# What can I do?



## jcohen465 (May 15, 2006)

What should I do?
I have a 06' Jamis Ventura Elite and I want to upgrade it. What on the bike do you think needs to be upgraded the most, if there is anything that I should upgrade?
Thanks
Josh

Here is a link to the jamis website 
http://www.jamisbikes.com/usa/bikes/...ura_elite.html:p


----------



## covenant (May 21, 2002)

The wheelset first...


----------



## fleck (Mar 25, 2005)

A few questions...

What kind of rider are you? Goals?
Focus on climbing sprinting or all around?

What kind of budget are you in?


not knowing these...
I'd buy a light set of tubies. Ambrosio Chrono rims on some light hubs. American Classic gets you light weight with decent $. (Some people hate AC but i've had great luck with them)
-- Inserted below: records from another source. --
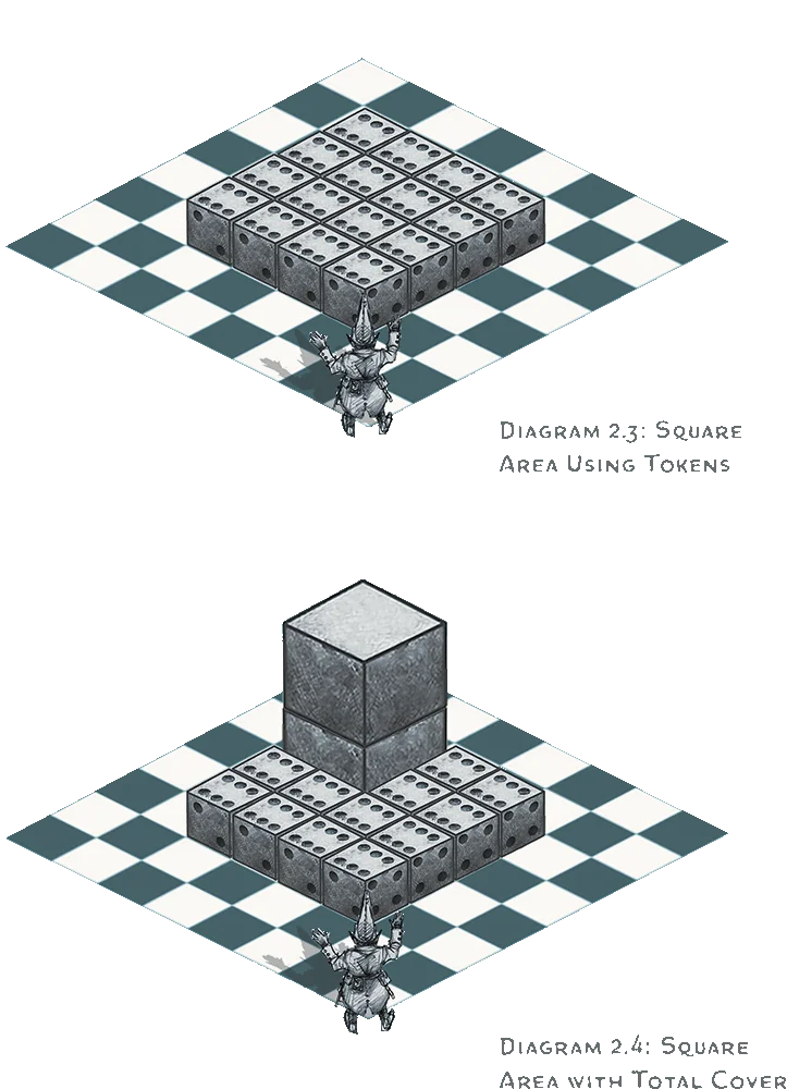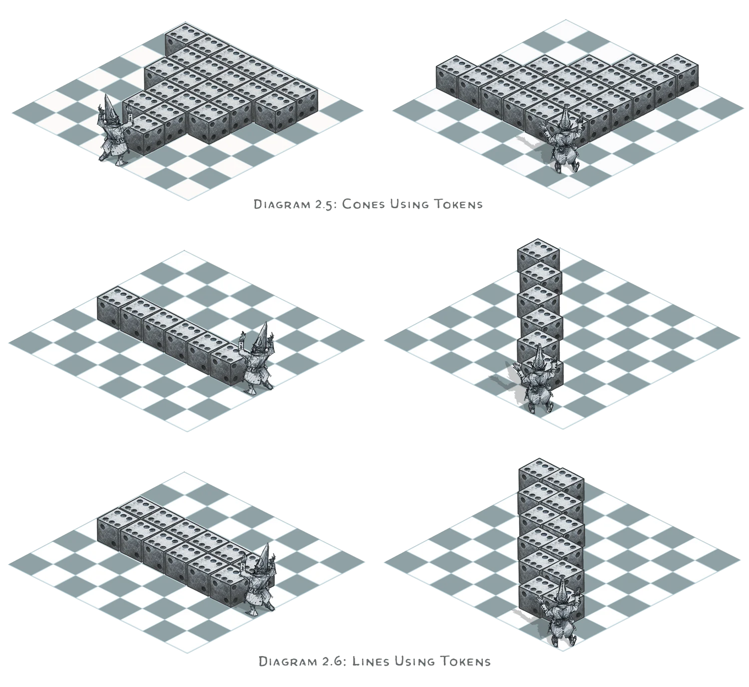 The token method is meant to make areas of effect tactile and fun. To use this method, grab some dice or other tokens, which you’re going to use to represent your areas of effect.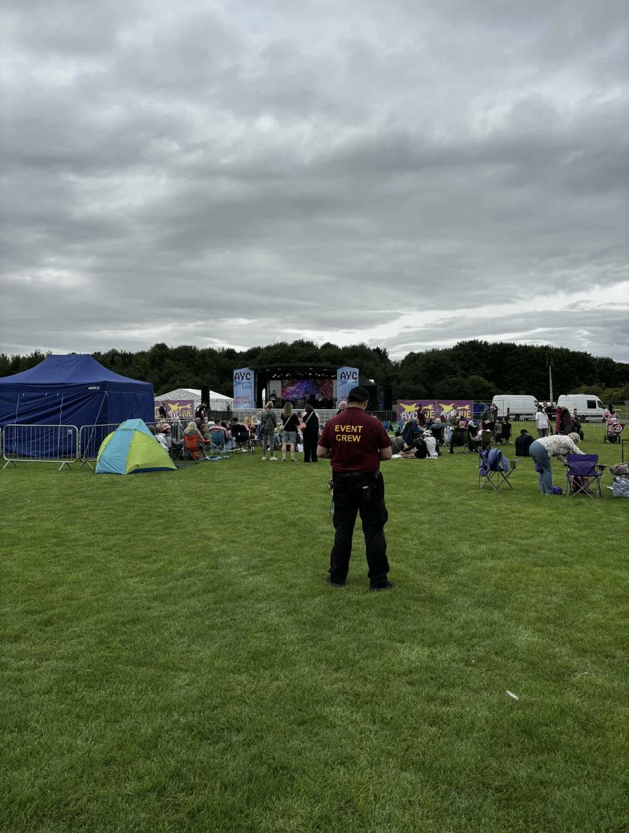 My role was to oversee the safety of festival goers whilst acts were playing over the weekend, answer any questions someone may have had and handling crowd control, working closely alongside the security team. Over the four days of setup, I worked closely alongside the production team in helping get everything set up, anything from checking patch lines on stage to ereting the stages roof and line array system. My primary role stage side during the performances to was maintain a close eye on all the equipment on stage and communicate with FOH if a problem occured. I was incharge of loading amps, cabs and the drum kit on and off stage during change over, line checking any festival hired backline and ensuring all musicians had what they needed to perform which required clear communication and understanding even with lack on knowledge.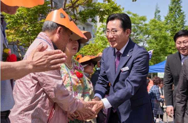 박경귀 아산시장이 지난 2일 탕정한마음종합사회복지관 야외마당에서 열린 어버이날 기념행사에 참석했다.

Do you like the fit of the bars? Bars are very personal for comfort... Same Q with the saddle.

What kind of pedals are you running? The M2 Orb II are super light.

Lighter seatpoast...

Perhaps some diffrent brakes on that. Not sure how their road calipers but i really don't like their linear pull brakes.


----------



## Savedsol (Sep 23, 2004)

The first question you need to ask is "why?" Is it to be cool around a forum*? Do you really want to spend your cash to make it light, prettier or more comfy. Only you know the answers to these questions. 

*This isn't meant as an insult, some people (myself included) just get carried away sometimes for all the wrong reasons.


----------



## ericm979 (Jun 26, 2005)

If your goal is to be faster, spend your money on getting more training in, making yourself more comfortable on the bike (i.e. good shoes and shorts), and maybe a HRM or power meter. Make sure that you have enough money for consumeables (tires, tubes, chains). Make sure you have a saddle that fits, pedals you like, and bars that fit. 

Unlike some sports, in cycling spending money on gear does not make you faster. It just gets you nicer gear.


----------